Against this backdrop, stock market players might be in the mood for some good investments. However, since the share market has lately been on edge, we recommend stocks like Insight Enterprise (NSIT - Free Report) , Arcosa (ACA - Free Report) , Cardinal Health (CAH - Free Report) , Photronics (PLAB - Free Report) and Wingstop (WING - Free Report) , which bear low leverage. Choosing them can shield investors from incurring huge losses in times of crisis.     

Now, before selecting low-leverage stocks, let’s explore what leverage is and how choosing a low-leverage stock helps investors.

In finance, leverage is a term used to denote the practice of borrowing capital by companies to run their operations smoothly and expand the same. Such borrowings are done through debt financing. But there remains an option for equity finance. This is probably due to the cheap and easy availability of debt over equity financing.

However, debt financing has its share of drawbacks. Particularly, it is desirable only as long as it successfully generates a higher rate of return compared to the interest rate. So, to avoid considerable losses in your portfolio, one should always avoid companies that resort to exorbitant debt financing.

The crux of safe investment lies in choosing a company that is not burdened with debt, as a debt-free stock is almost impossible to find.

The equity market can be volatile at times, and, as an investor, if you don’t want to lose big time, we suggest you invest in stocks that bear low leverage and are, hence, less risky.

To identify such stocks, historically, several leverage ratios have been developed to measure the amount of debt a company bears and the debt-to-equity ratio is one of the most common ratios.

Analyzing Debt/Equity

Debt-to-Equity Ratio = Total Liabilities/Shareholders’ Equity

This metric is a liquidity ratio that indicates the amount of financial risk a company bears.

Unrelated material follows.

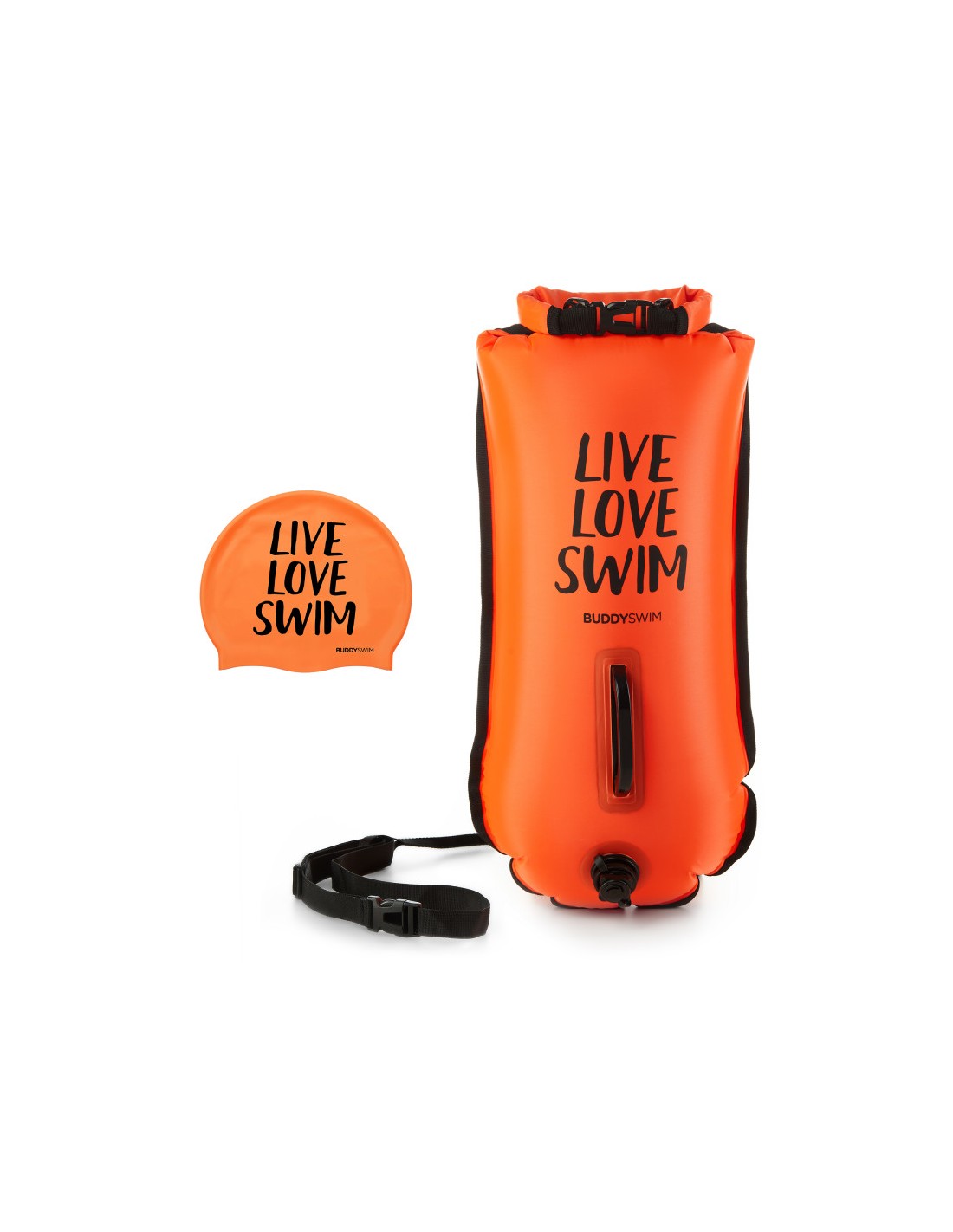 The BUDDYSWIM Drybag Buoy has two independent air chambers so that the buoy does not deflate completely in the event of a puncture or loss of air.

A lower debt-to-equity ratio reflects improved solvency for a company.

As the fourth-quarter earnings cycle has already started, investors must be eyeing stocks that have exhibited solid earnings growth in the recent past. But if a stock bears a high debt-to-equity ratio in times of economic downturn, its so-called booming earnings picture might turn into a nightmare.

The Winning Strategy

Considering the aforementioned factors, it is prudent to choose stocks with a low debt-to-equity ratio to ensure steady returns.

Yet, an investment strategy based solely on the debt-to-equity ratio might not fetch the desired outcome. To choose stocks that have the potential to give you steady returns, we have expanded our screening criteria to include some other factors.

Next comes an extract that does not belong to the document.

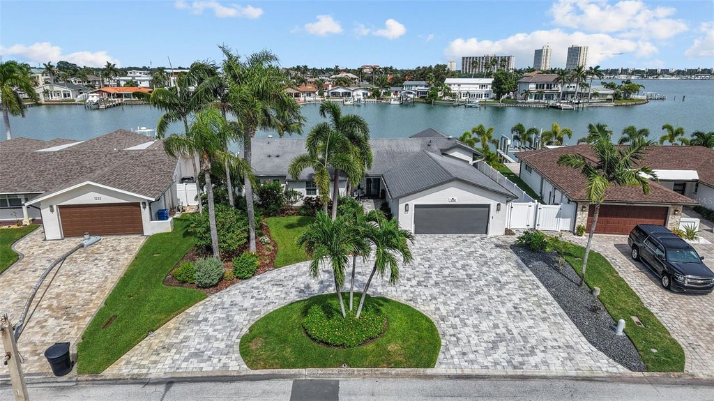 LIVE ABOVE IT ALL – ELEVATED WATERFRONT LUXURY! This 4 bedroom 3.5 bath home with EXTENSIVE HIGH-END UPGRADES sits on a HIGH LOT WITH NO FLOOD WATER INTRUSION TO THE HOME OR GARAGE (updates completed prior to Hurricane Helene). Walls of hurricane impact glass frame sweeping open Intracoastal views beneath soaring cathedral ceilings, with new hurricane shutters adding storm protection and helping keep the home cool while you travel. The chef’s kitchen offers Wolf and Bosch appliances, quartzite counters, wine storage, hidden walk-in pantry, and natural gas cooking. Dual waterfront suites include spa baths, custom closets, and direct access to the saltwater pool and spa. Updates feature a new high seawall, HVAC, tankless water heater with recirculating pump, reverse osmosis system, plumbing upgrades, full-house generator, newly paved driveway, and natural gas service. Outdoor living includes a summer kitchen, fire pit, rain-curtain pool entry, lush landscaping, and composite dock. This DEEP WATER LOT PROVIDES 83 FEET ON THE WATER WITH A 13,000 LB BOAT LIFT, KAYAK AND PADDLEBOARD LAUNCH, AND PLENTY OF SPACE FOR ADDITIONAL WATERFRONT TOYS. Situated in one of the most coveted waterfront communities in Pinellas County, just one mile from the beach, restaurants, entertainment and more. You will feel right at home in this friendly community of Yacht Club Estates.

Here are the other parameters:

Debt/Equity less than X-Industry Median: Stocks that are less leveraged than their industry peers.

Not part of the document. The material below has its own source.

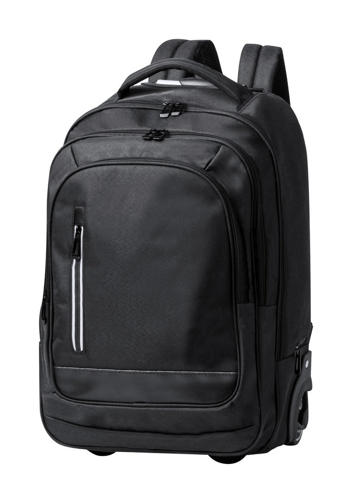 300D polyester trolley backpack with zipped compartments, 2 wheels and telescopic handle. With laptop (15") compartment, padded back and shoulder strap.

Current Price greater than or equal to 10: The stocks must be trading at a minimum of $10 or above.

Average 20-day Volume greater than or equal to 50000: A substantial trading volume ensures that the stock is easily tradable.

Percentage Change in EPS F(0)/F(-1) greater than X-Industry Median: Earnings growth adds to optimism, leading to a stock’s price appreciation.

VGM Score of A or B: Our research shows that stocks with a VGM Score of A or B, when combined with a Zacks Rank #1 (Strong Buy) or 2 (Buy), offer the best upside potential.

Estimated One-Year EPS Growth F(1)/F(0) greater than 5: This shows earnings growth expectation.

Zacks Rank #1 or 2: Irrespective of market conditions, stocks with a Zacks Rank #1 or 2 have a proven history of success.

Excluding stocks that have a negative or a zero debt-to-equity ratio, here we present our five picks out of the 27 stocks that made it through the screen.

Insight Enterprises: It is a global direct marketer of branded computers, hardware and software. On Dec 1, 2023, Insight Enterprises stated that it had completed the acquisition of SADA, a leading cloud business and technology consultancy and a six-time Google Cloud Partner of the Year. The acquisition should strengthen NSIT’s unique position as a leading Solutions Integrator offering market-leading multi-cloud solutions at scale.

NSIT delivered an earnings surprise of 4.12% in the last reported quarter. It sports a Zacks Rank #1 currently. The Zacks Consensus Estimate for fourth-quarter 2023 earnings suggests a 20.2% improvement from the fourth-quarter 2022 reported figure.

Arcosa: The company is a manufacturer of infrastructure-related products and services, which serve construction, energy and transportation markets. On Nov 1, 2023, Arcosa announced its third-quarter 2023 results. Its adjusted net income improved a solid 7% on a year-over-year basis, while free cash flow dropped 96%.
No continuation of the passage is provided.